Landbergis’s Lithuania was the first European Union state to adopt an Indo-Pacific Strategy and has seen its trade with Taiwan rise by over 50 percent since 2021. The opening of a Taiwanese representative office in Vilnius prompted Beijing to downgrade its diplomatic relationship with Lithuania.

Yet the Baltic Foreign Ministers urged other democratic countries, particularly allied nations within NATO and the EU to reduce their exposure to China as a precautionary measure, after Russia’s full-scale invasion of Ukraine in 2022 saw countries like Germany spend hundreds of billions to cushion the economic blow of rising energy costs and inflation.

“Being economically dependent on authoritarians like China and Russia looks cheap until someone starts getting aggressive. Thenwe see how expensive that dependence can really get and how vulnerable it actually makes us,” said Dr. Benjamin Tallis, Senior Research Fellow at the DGAP who moderated the event with the ministers. “Aligning the sources of our security and our prosperity, but finding alternative markets and trading more with our friends and allies is the smart move for stable economies, free societies, and secure countries. But businesses also need governments to step in and help them do that, by helping to forge better trade and economic ties with friendly, alternative markets. The Baltics understand this, and the rest of us should take notice.”

Germany, once depended on Russia for 55 percent of its gas, earning loud criticism from its allies. It has since stopped importing energy from Russia following its full-scale invasion of Ukraine in 2022.

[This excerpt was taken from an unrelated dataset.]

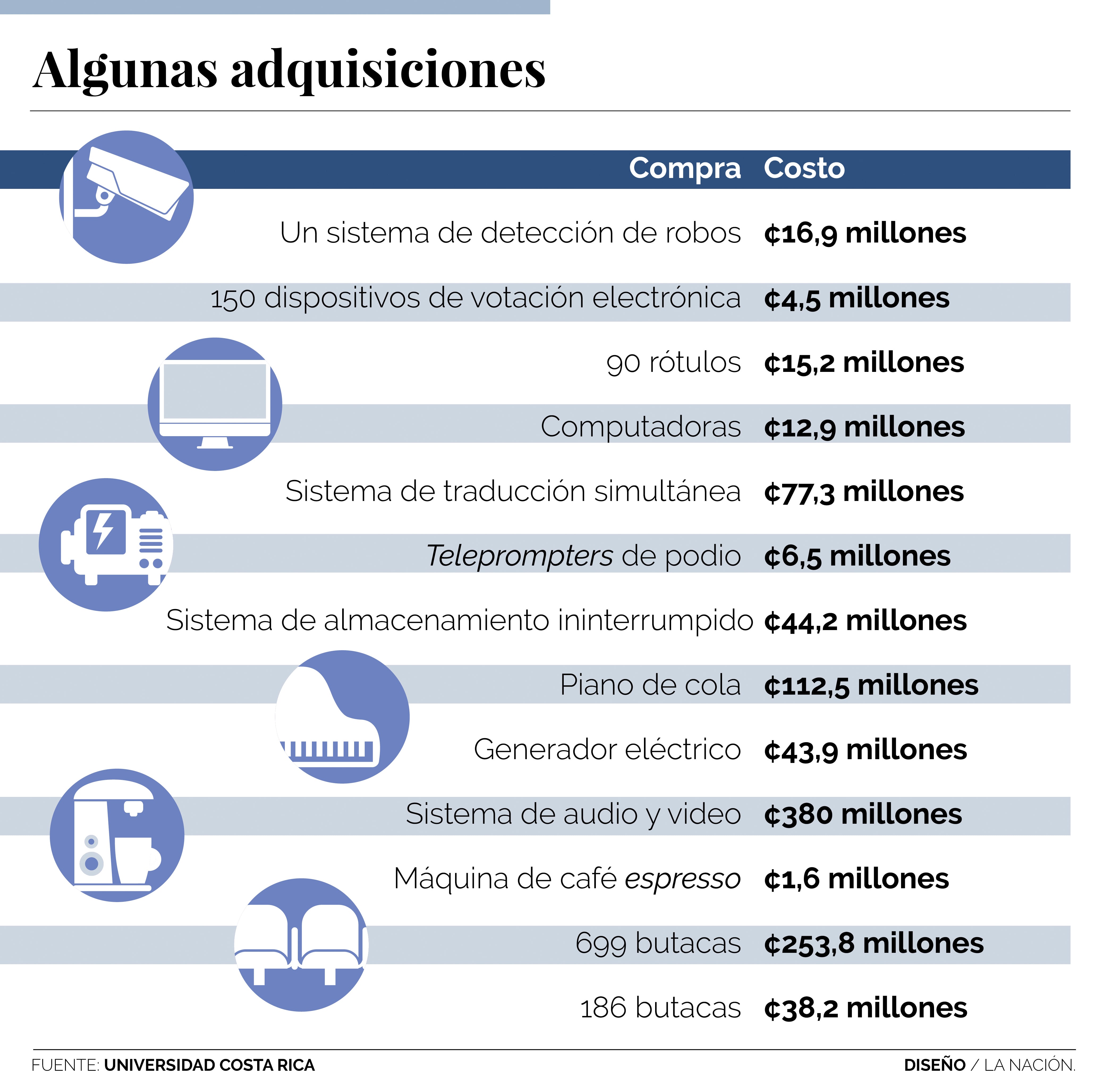 Sus 699 butacas costaron, cada una, ¢363.000. En total, la Universidad pagó ¢254 millones. También tiene 150 dispositivos de votación electrónica, sistema de traducción simultánea, telepromters y un piano de cola que costó ¢112 millones.

However, as tensions increase between the United States and China over the Communist country’s increasingly aggressive stance to Taiwan, China remained Germany’s largest trade partner for goods in 2022. That year, German-Chinese trade volume amounted to about €300 billion, prompting fresh concerns about the scale of the exposure the world’s third-largest economy would have to China in the event of an invasion of Taiwan or war with the US.

“With our economic strength, we should be able to take a self-confident stand,” said Thomas Erndl, CSU, Deputy Chair of the German Bundestag’s Foreign Affairs Committee, who said the current government’s decision to let Chinese state-owned companies into the Port of Hamburg or into communications infrastructure on state rail Deutsche Bahn isn’t sending clear signals to German business on Chinese risk. “We need to be consistent in our communication with our companies on this.”

Business representatives with the Action Group Zeitenwende’s Business Sounding Board, including Britta Jacob, Senior Manager of Global Government Affairs with Bayer – said governments in Europe, including Germany, needed clearer direction from government on what de-risking means, as well as more action on helping German business to find alternative markets.

“We have to strategically use our friendly relations with likeminded countries,” Jacob said.

“Be stronger at home. That means completing our common market, and we need to be stronger abroad. That means getting more partners,” said Nikolas Kessels, Deputy Head of Foreign Trade Policy at BDI, the Federation of German Industries.